At times it rises above the treetops and moves over greater distances, and then its manner of flight bears greater likeness to the typical bounding or galloping flight of the generality of woodpeckers. Its outline against the sky is not unlike a kingfisher’s. Dr. Sutton (1930) describes an encounter in the Pennsylvania mountains with a bird that “cackled for about fifteen minutes, pounding intermittently on a tree trunk. It then rose in air, mounted to a plane above the tree-tops, and flew in direct course down the valley, uttering a single, loud, even-toned puck about every two seconds, as far as we could hear it. The bird was still flying high when it faded from view.”

Cornelius Weygandt (1912) described from Monroe County, Pa., the appearance of “the Logcock that in late July and early August made the sunset hour more memorable by its passing”:

It was on the evening of July 26 that we first saw him * * * we noticed a large bird flying heron-like toward us.
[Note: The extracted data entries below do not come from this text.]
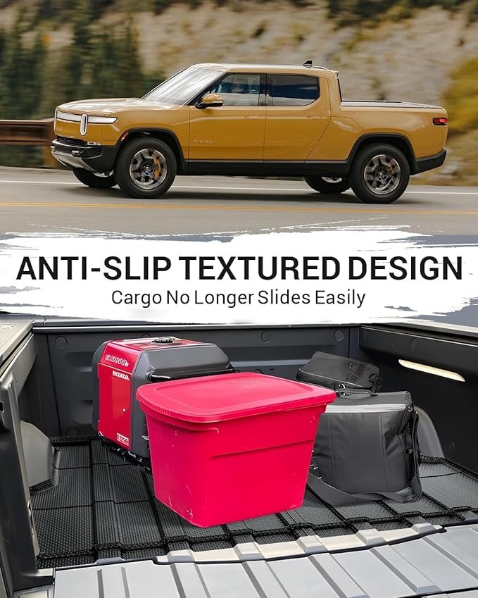 - Revolutionary Anti-Slip Texture, Safety Assured: Safety is our utmost priority. The Rivian R1T Bed Mat features an exclusive patented anti-slip texture design that keeps your cargo firmly in place, even on the roughest roads. No matter how far you travel, your goods stay secure and stable, giving you complete peace of mind on every journey.
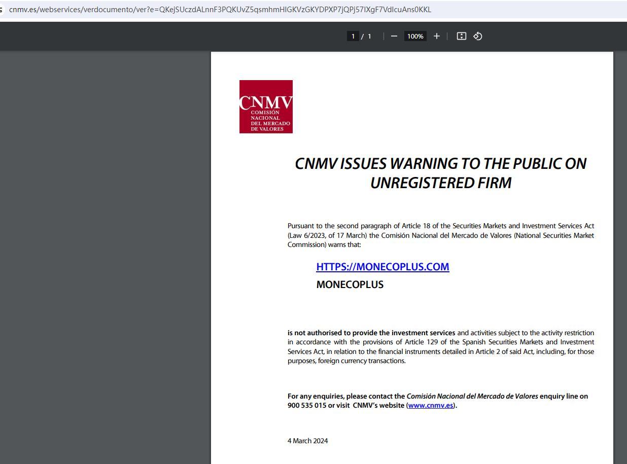 • Motivo della punizione https:// MonecoPlus .com MonecoPlus non è autorizzata a prestare servizi e attività di investimento soggetti a limitazione di attività in conformità con le disposizioni dell'articolo 129 della legge spagnola sui mercati mobiliari e sui servizi di investimento
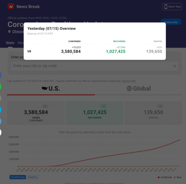 据News Break报道,根据WHO、NHC、CCDC、ECDC等官方数据,截止美国东部时间7月16日凌晨4:15,美国新冠累计确诊3580584,死亡139650例,康复1027425例。
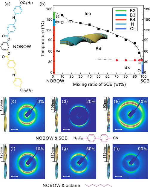图1 (a) 用于研究自组装行为的弯曲核心分子NOBOW。(b) NOBOW与棒状小分子5CB的二元相图。(c-h)掺杂5CB以及正辛烷的RSoXS二维散射图样以及螺距变化情况。
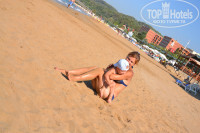 Пляж очень чистый, песочек, ни одного камня, море теплое, но все время идет волна. Лежаков всегда хватало, не надо занимать в 6 утра! Если даже нет свободных лежаков под тентом, то к вам сразу подходит бич бой и приносит сколько надо зонтиков!
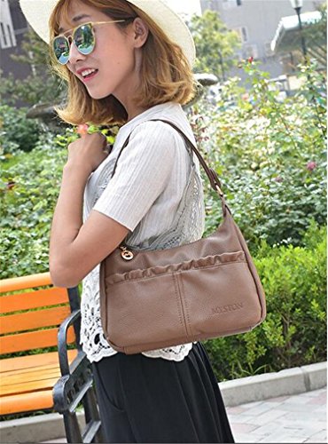 Soft premium pu Leather Hobo Purse,fully-lined with brown fabric and comes with a short and long shoulder strap.
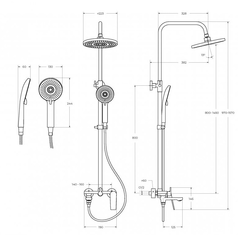 Оснащение: эксцентрики, переключатель потоков, душевой шланг ПВХ длиной 150 см, ручной душ 3-х режимный, верхний душ, смеситель с поворотным изливом
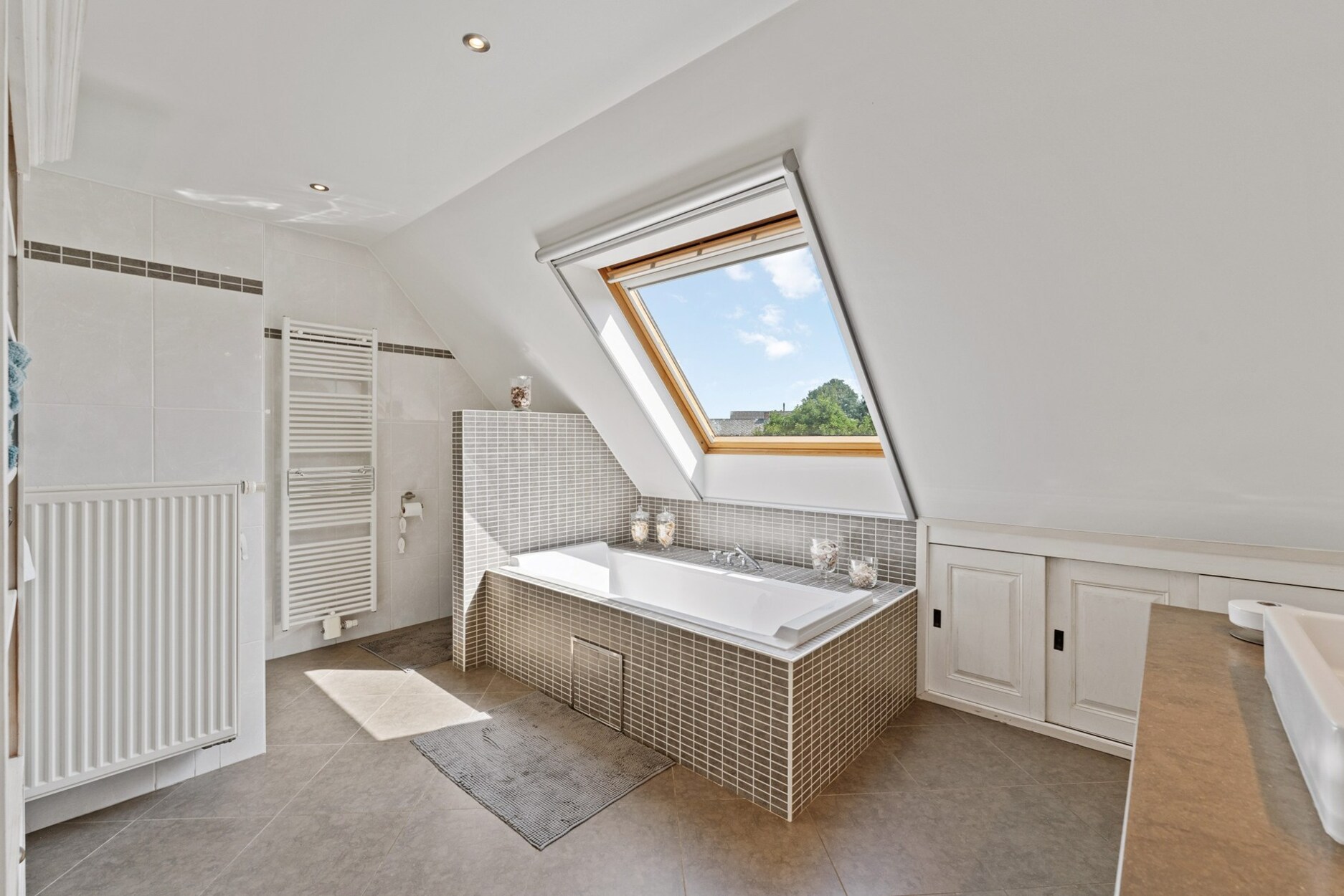 De bovenverdieping is uitgerust met parket en is opgedeeld in een master bedroom met bijhorende dressing en 2 extra slaapkamers. De badkamer is ruim en voorzien van een ligbad, douche, lavabo en toilet. Praktische wasplaats en zeer ruime polyvalente ruimte die toegang geeft tot een extra zolder.
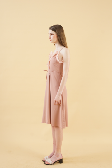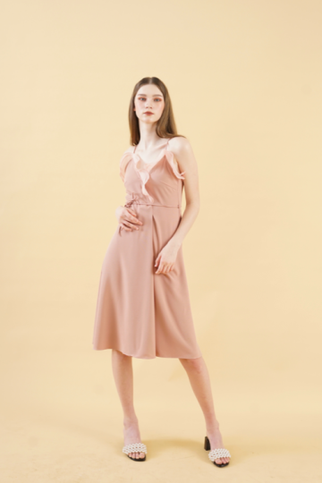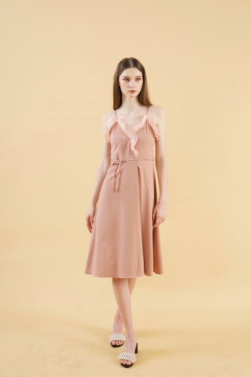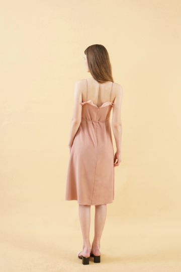 Effortless but stunning. A perfect cut of camisole A line dress with ruffles details at the wrap neckline. it has back zipper closure.

He passed us and made his way onward toward a tall broken-topped gum tree that stood out black against the sunset. He “landed” on its side near the top, woodpecker fashion, and bobbed downtrunk backwards for several yards. The sky was mauve and gold and crimson, and the great bird loomed blacker and bigger than he really was, limned sharply against it. He had not dropped along like the smaller woodpeckers, but had kept on more steadily, very like a heron, with only slight risings and fallings. After a rest on the gum tree of some three minutes he flung himself into the air and dove down into the Buck Hill Gorge.
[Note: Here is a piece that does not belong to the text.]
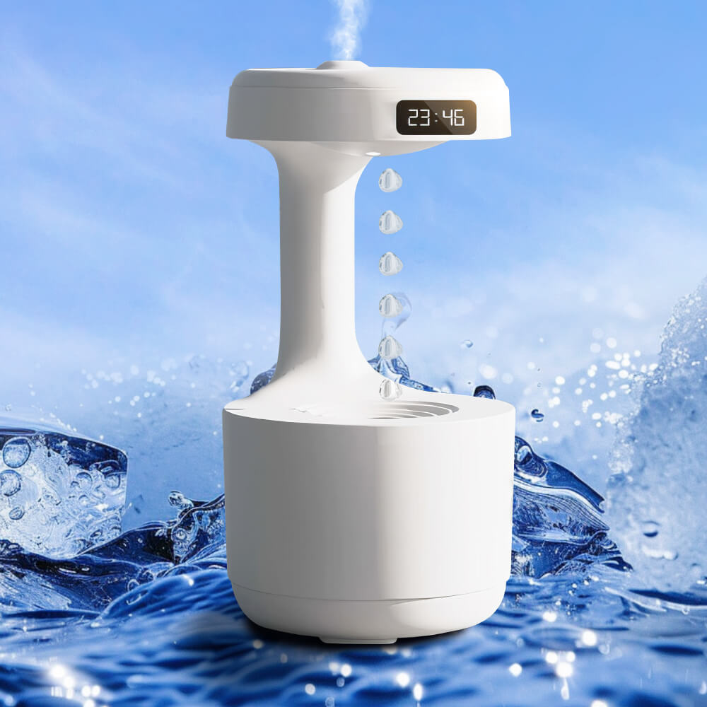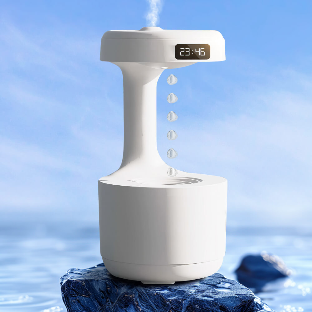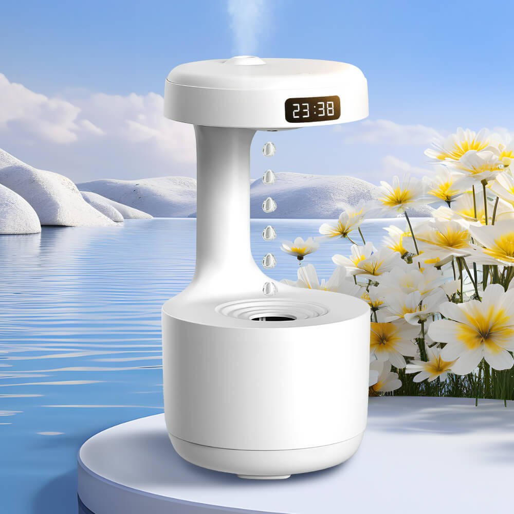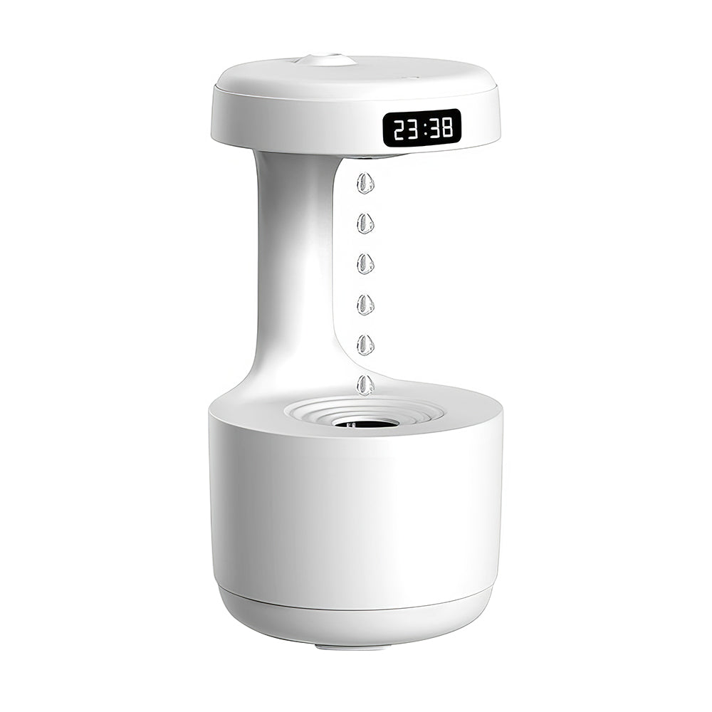 Unique design meets everyday comfort. This ultrasonic humidifier combines an anti-gravity water-drop effect with cool mist, a digital clock display, and quiet operation—bringing both functionality and decoration to your home or office.

Vickers (1915) characterizes the bird’s flight as “powerful and straight-forward, his head and neck carrying his powerful beak like a spear * * * [the bird] large as a crow and with a certain short, sturdy, kingfisherlike aspect.”

In general conclusion it may be said that the pileated woodpecker has the habit and manner of a giant, forest-loving flicker.
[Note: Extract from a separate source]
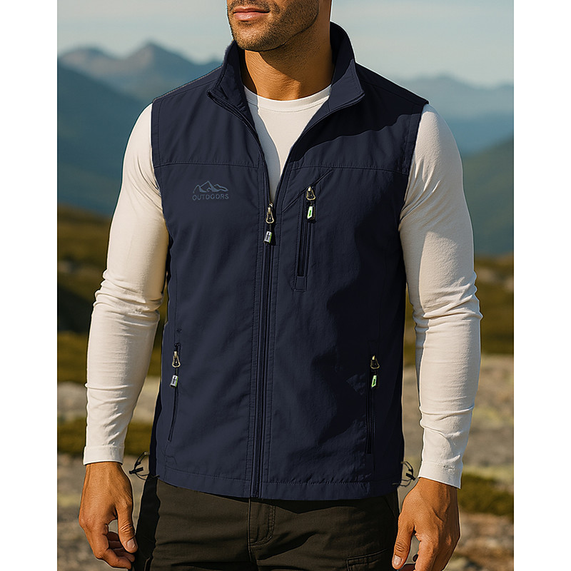 Men's Outdoor Vest Vest Fishing Vest Outdoor Daily Fashion Casual Spring Fall Pocket Polyester Comfortable Plain Zipper Stand Collar Regular Fit Black Khaki Army Green Dark Blue Vest

Voice.—Throughout the greater part of the year the pileated woodpecker is a relatively silent bird, but during the nesting season drumming and calling are frequent. The usual call is a cackle, resembling that of the flicker, though louder and of more sonorous quality. The “song” of the white-breasted nuthatch so far resembles it in pitch and tempo that a nuthatch near at hand may, for an instant, suggest the woodpecker far away. The ka, ka, ka of the woodpecker’s cackle is variable in quality, in speed of iteration, and in continuity, and seems to be expressive, sometimes of alarm, sometimes of companionship, sometimes of contentment. Aretas A. Saunders (1935) has noted that often there is rise in pitch at the beginning of a rendition and a slight fall at the end; and Samuel Scoville, Jr. (1920), distinguishing this from the flicker’s similar call, has remarked on “a queer little quirk at the end.” When a pair of birds cackle in alternation, as commonly they do, a difference in pitch will be noted; but whether that be a constant sexual difference, or a matter of individuality merely, I cannot say.

In the nesting season the mated birds have another flickerlike wuck-a-wuck call that seems to be peculiarly associated with their conjugal relationship. They use it in courtship and when they relieve one another in attendance at the nest.

Dr. Sutton (1930) mentions yet another call and describes it as “whining notes, suggesting the mew of the yellow-bellied sapsucker.” But it is more than that. It is a loud cry, that resembles the scream of a hawk. It is commonly reiterated slowly in five or six repetitions. Unless one were to follow the sound and discover its source, he would hardly impute it to this bird. It too, I believe, is a call peculiar to the nesting season.

When the bird is in flight a slowly uttered puck, puck may sometimes be heard, and sometimes what for lack of a better term may be called a creaking of the moving wings.